## Your goal
Copy out the data below from the line containing "Tkanina Sawana jest" to the line containing "lipro LED智能人体感应地脚灯86型五孔插座踏步灯走廊楼梯小夜灯", both lines included, with all images left out.

## Records to process
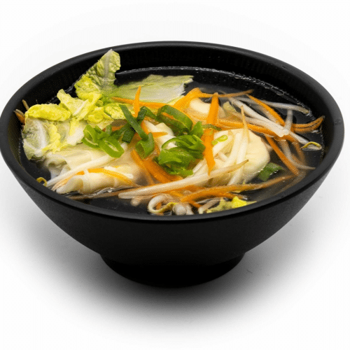 gefüllte Teigtaschen mit Hühnerfleisch, in klarer Brühe
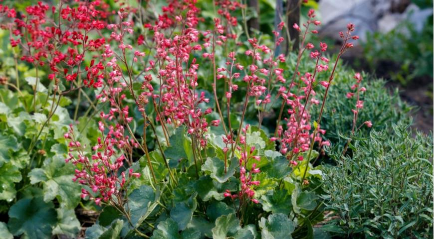 Гейхеру достаточно часто применяют для оформления бордюров, клумб или цветников
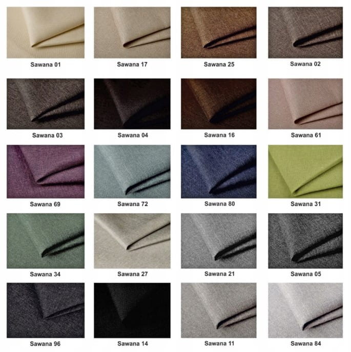 Tkanina Sawana jest bardzo mocną, odporną na ścieranie i pilling, a równocześnie przyjemną w dotyku tkaniną plecioną, w której ciekawą strukturę i niejednolity kolor tworzą dwa odcienie nitek. Jest podklejona na podkładzie poliestrowym. Dostępna jest w bardzo szerokiej gamie kolorystycznej: od kolorów ziemi i szarości, poprzez intensywne odcienie fioletu i czerwieni, aż do delikatnych pasteli. SAWANA jest uniwersalna pod kątem aranżacyjnym. Idealnie sprawdzi się jako obicie nowoczesnego fotela, klasycznej sofy czy eleganckiego krzesła.
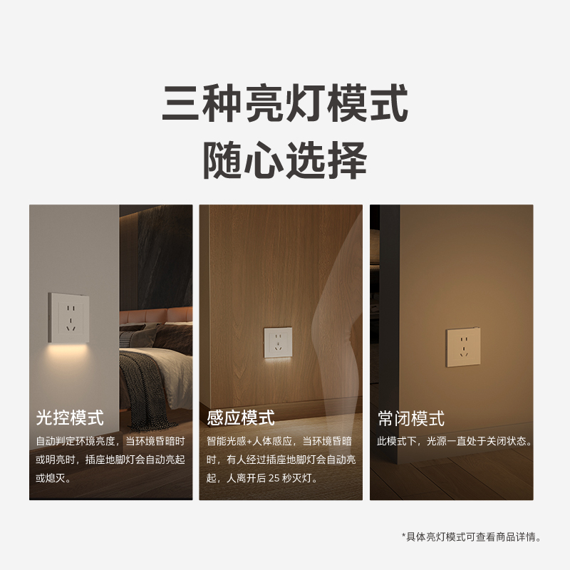 lipro LED智能人体感应地脚灯86型五孔插座踏步灯走廊楼梯小夜灯
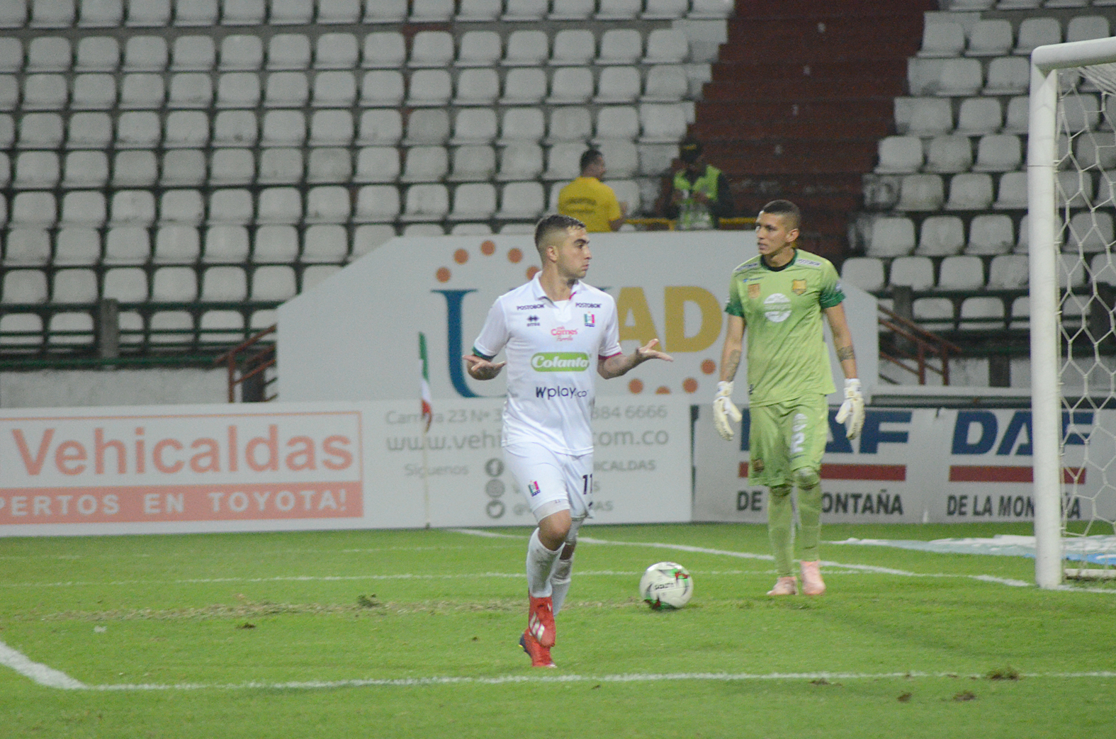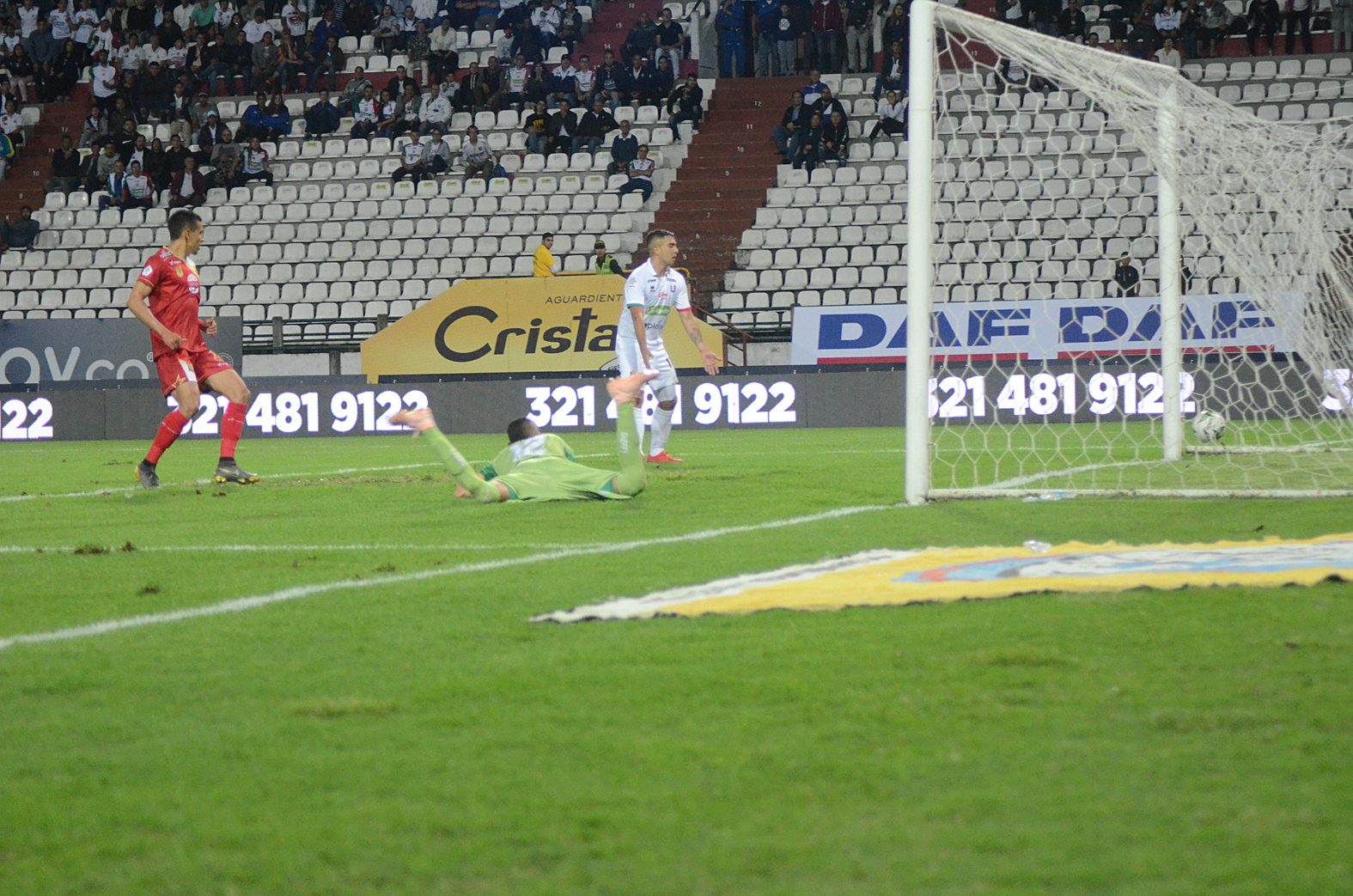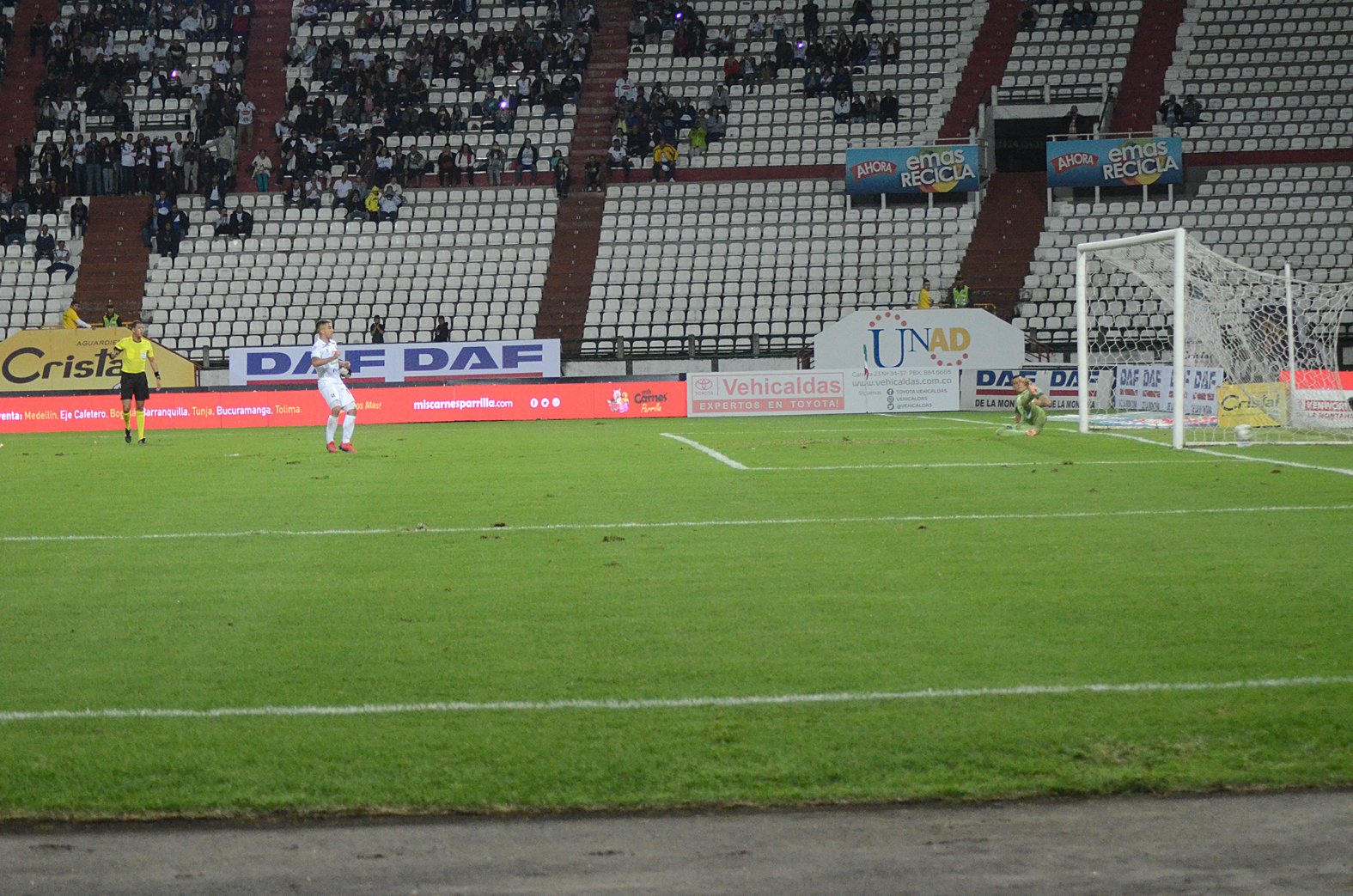En el tiempo de adición, el elenco manizaleño controló el partido y buscaba la oportunidad para definir el duelo. A los 93′ el volante Sebastián Guzmán le filtró un pase entre los defensas para Ménder García, quien había ingresado para el segundo tiempo y definió con frialdad ante la salida de Valencia para colocar el 2-0.

## Your response
 Tkanina Sawana jest bardzo mocną, odporną na ścieranie i pilling, a równocześnie przyjemną w dotyku tkaniną plecioną, w której ciekawą strukturę i niejednolity kolor tworzą dwa odcienie nitek. Jest podklejona na podkładzie poliestrowym. Dostępna jest w bardzo szerokiej gamie kolorystycznej: od kolorów ziemi i szarości, poprzez intensywne odcienie fioletu i czerwieni, aż do delikatnych pasteli. SAWANA jest uniwersalna pod kątem aranżacyjnym. Idealnie sprawdzi się jako obicie nowoczesnego fotela, klasycznej sofy czy eleganckiego krzesła.
 lipro LED智能人体感应地脚灯86型五孔插座踏步灯走廊楼梯小夜灯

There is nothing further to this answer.